(Work instruction)
Once you find the line below that has "Хороший баланс дизайна", output it and every line after it exactly, stopping after the line that has "Generous 885 ml", with no pictures.

(Input data)
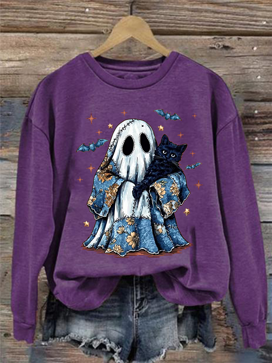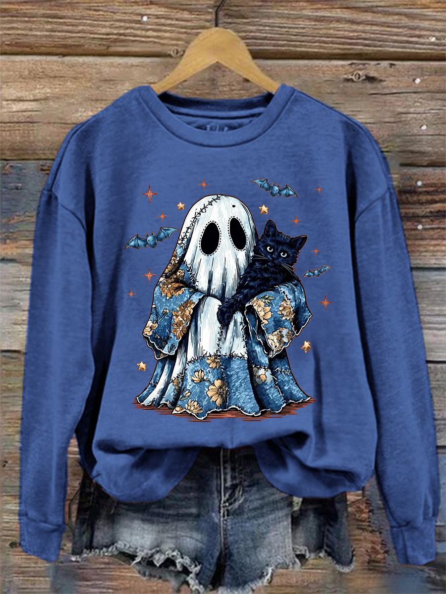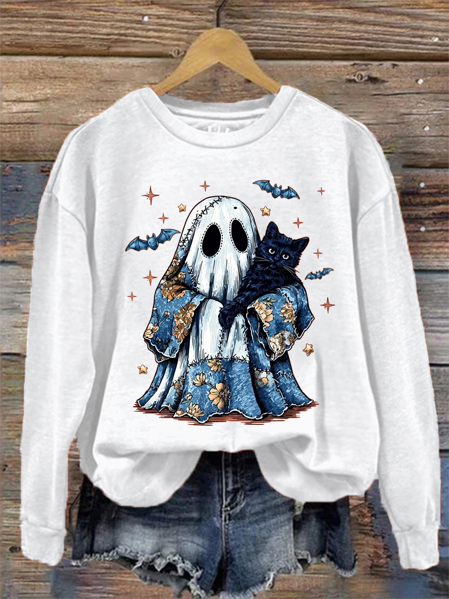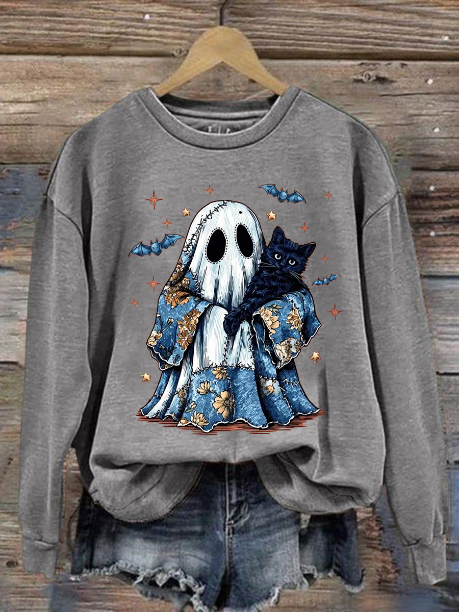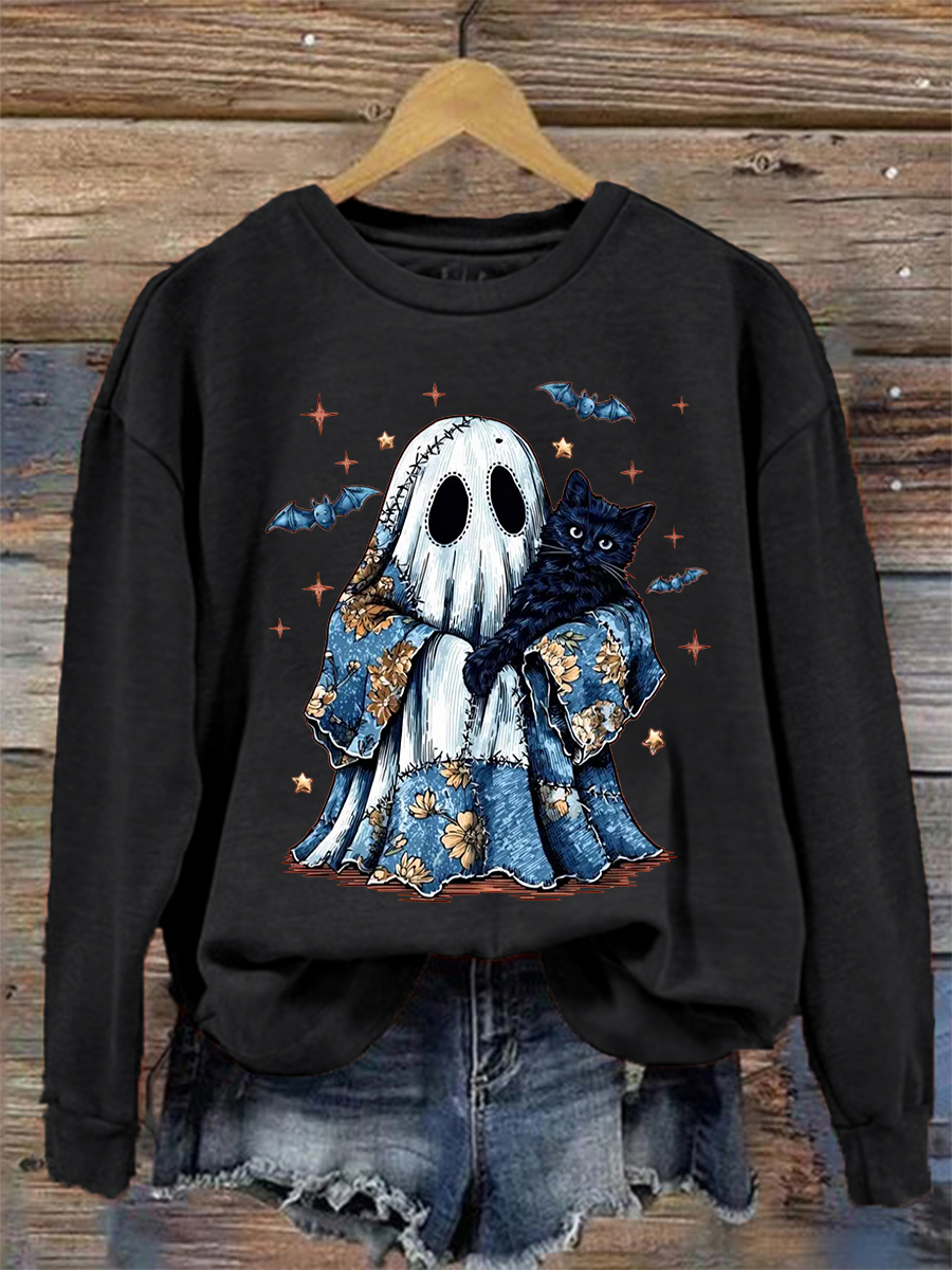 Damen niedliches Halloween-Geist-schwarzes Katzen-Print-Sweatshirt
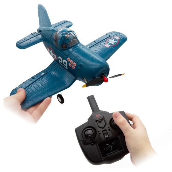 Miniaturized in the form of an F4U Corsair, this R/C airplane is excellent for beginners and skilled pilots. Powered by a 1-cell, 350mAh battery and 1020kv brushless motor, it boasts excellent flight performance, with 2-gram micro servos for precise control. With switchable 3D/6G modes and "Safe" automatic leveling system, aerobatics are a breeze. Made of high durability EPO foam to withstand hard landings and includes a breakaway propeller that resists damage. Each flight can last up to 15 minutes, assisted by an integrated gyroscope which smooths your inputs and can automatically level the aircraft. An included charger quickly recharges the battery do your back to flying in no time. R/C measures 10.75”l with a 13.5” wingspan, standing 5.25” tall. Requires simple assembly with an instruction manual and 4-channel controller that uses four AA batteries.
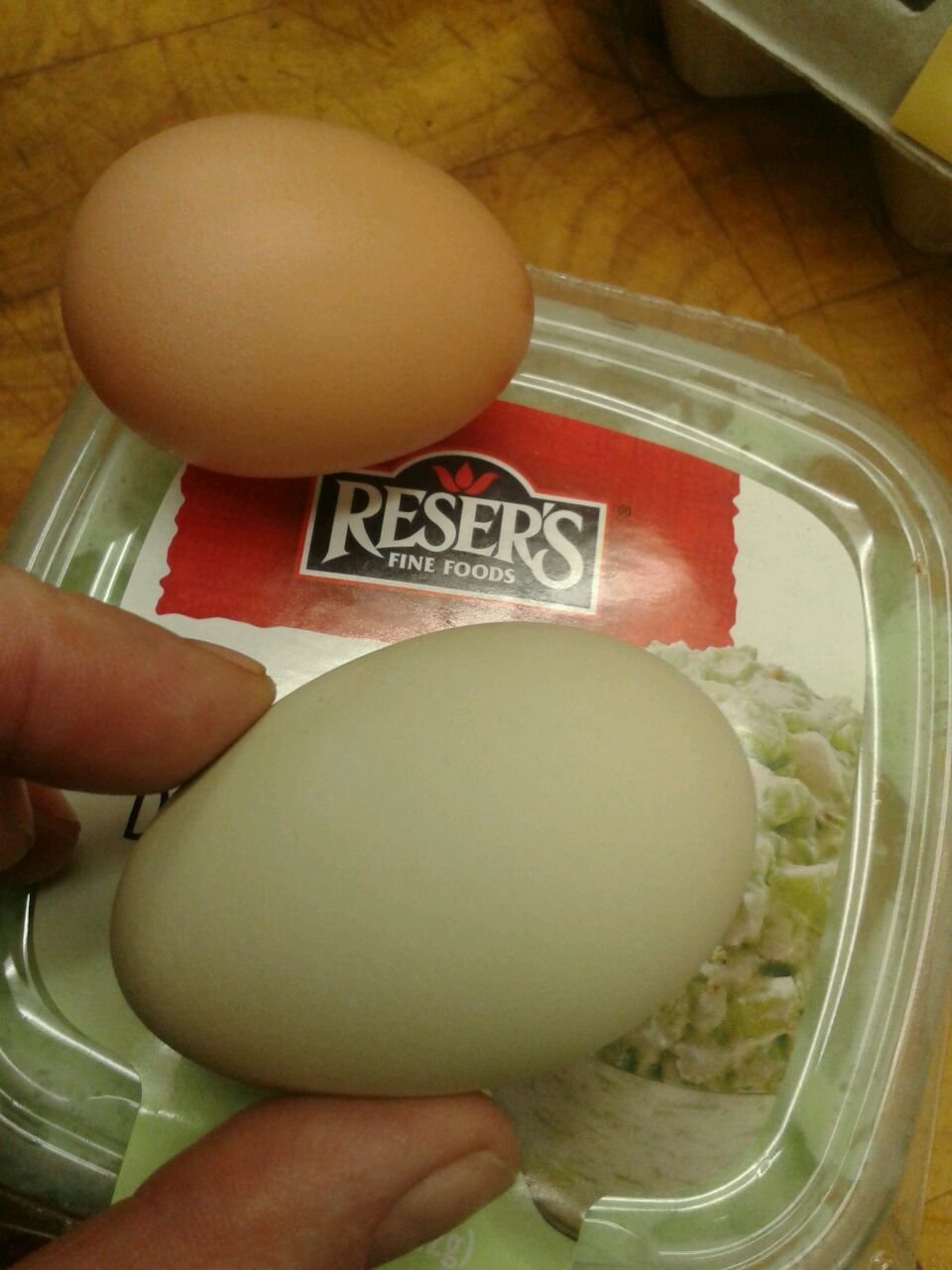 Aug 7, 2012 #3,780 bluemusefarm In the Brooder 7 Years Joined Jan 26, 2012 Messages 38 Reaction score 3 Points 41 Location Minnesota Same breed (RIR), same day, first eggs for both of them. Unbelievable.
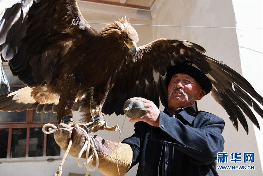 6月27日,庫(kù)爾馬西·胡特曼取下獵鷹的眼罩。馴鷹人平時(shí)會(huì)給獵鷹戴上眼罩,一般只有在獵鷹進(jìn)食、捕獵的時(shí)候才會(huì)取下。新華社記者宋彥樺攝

* * *

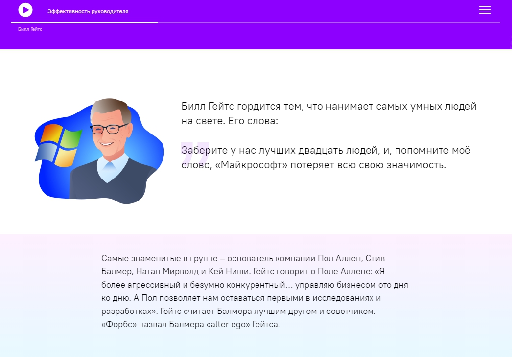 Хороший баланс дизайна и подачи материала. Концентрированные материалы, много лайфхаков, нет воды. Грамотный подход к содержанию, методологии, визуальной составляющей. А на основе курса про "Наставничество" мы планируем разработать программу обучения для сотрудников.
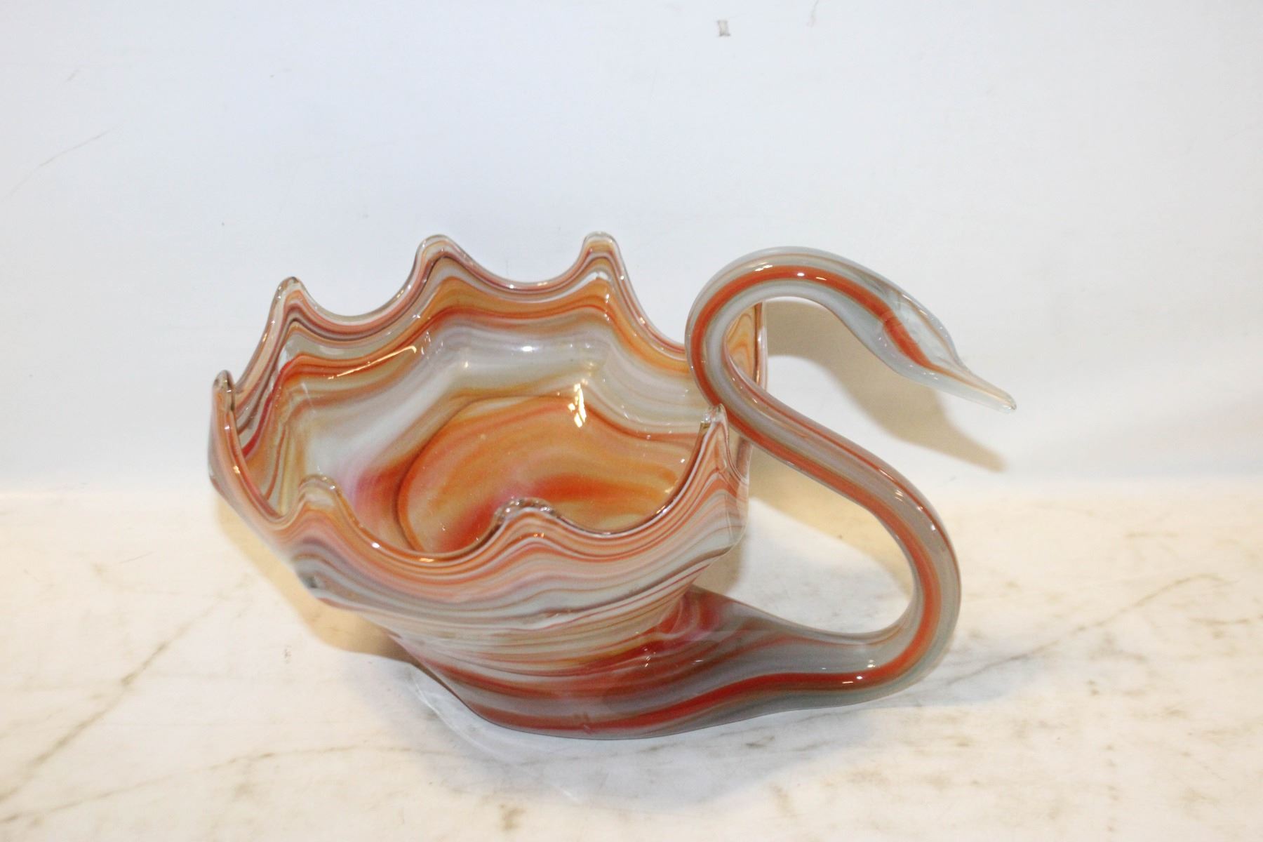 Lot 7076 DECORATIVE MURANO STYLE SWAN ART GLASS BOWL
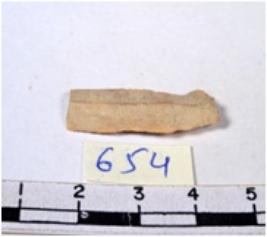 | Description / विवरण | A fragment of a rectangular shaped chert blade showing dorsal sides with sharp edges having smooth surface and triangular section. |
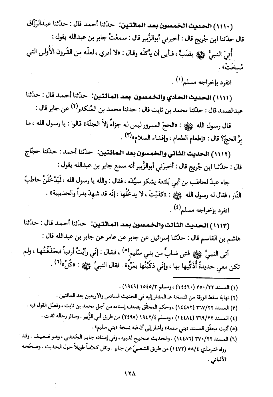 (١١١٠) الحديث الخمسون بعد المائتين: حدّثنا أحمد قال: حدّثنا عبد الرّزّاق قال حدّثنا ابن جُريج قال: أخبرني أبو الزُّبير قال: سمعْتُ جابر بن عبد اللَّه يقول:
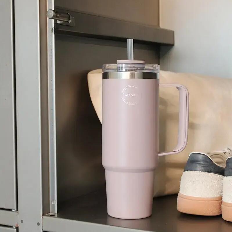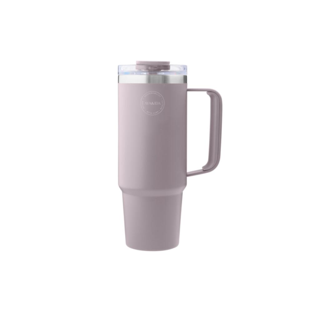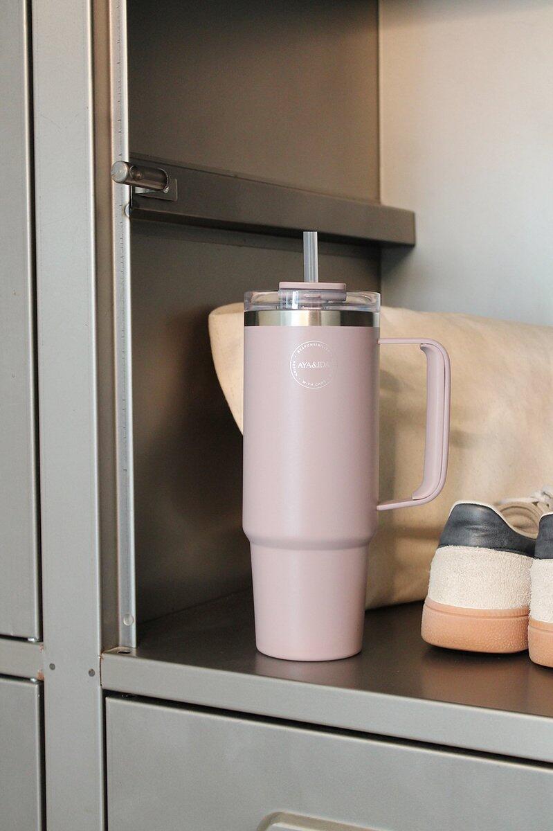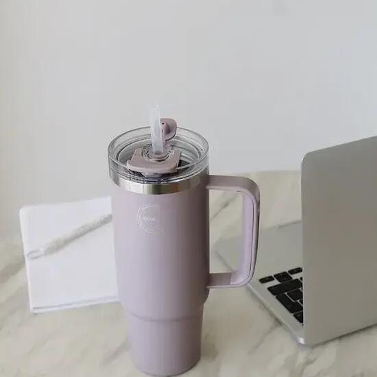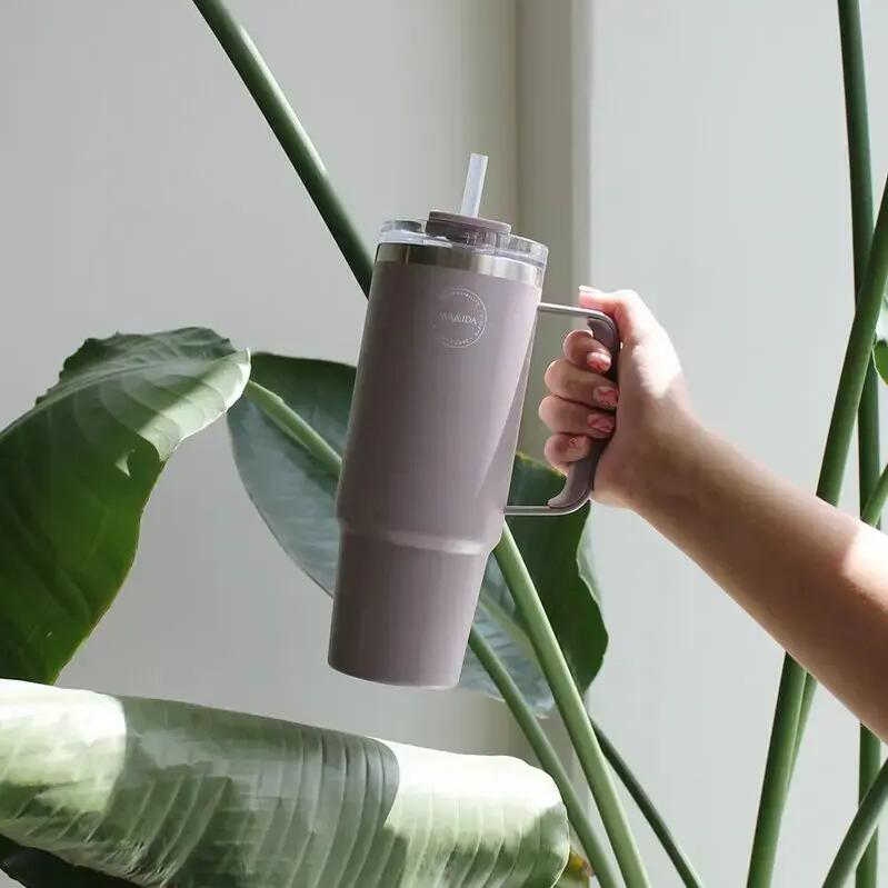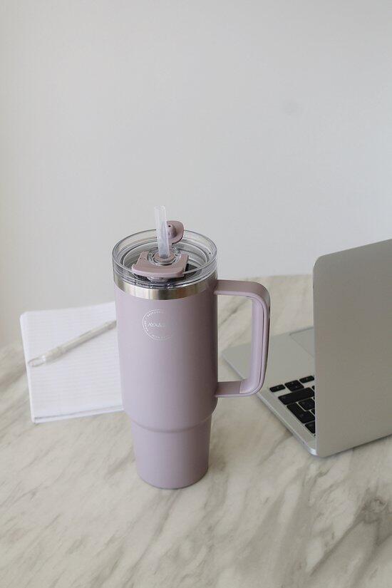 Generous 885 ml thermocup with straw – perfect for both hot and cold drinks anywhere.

(Reply to the task)
 Хороший баланс дизайна и подачи материала. Концентрированные материалы, много лайфхаков, нет воды. Грамотный подход к содержанию, методологии, визуальной составляющей. А на основе курса про "Наставничество" мы планируем разработать программу обучения для сотрудников.
 Lot 7076 DECORATIVE MURANO STYLE SWAN ART GLASS BOWL
 | Description / विवरण | A fragment of a rectangular shaped chert blade showing dorsal sides with sharp edges having smooth surface and triangular section. |
 (١١١٠) الحديث الخمسون بعد المائتين: حدّثنا أحمد قال: حدّثنا عبد الرّزّاق قال حدّثنا ابن جُريج قال: أخبرني أبو الزُّبير قال: سمعْتُ جابر بن عبد اللَّه يقول:
 Generous 885 ml thermocup with straw – perfect for both hot and cold drinks anywhere.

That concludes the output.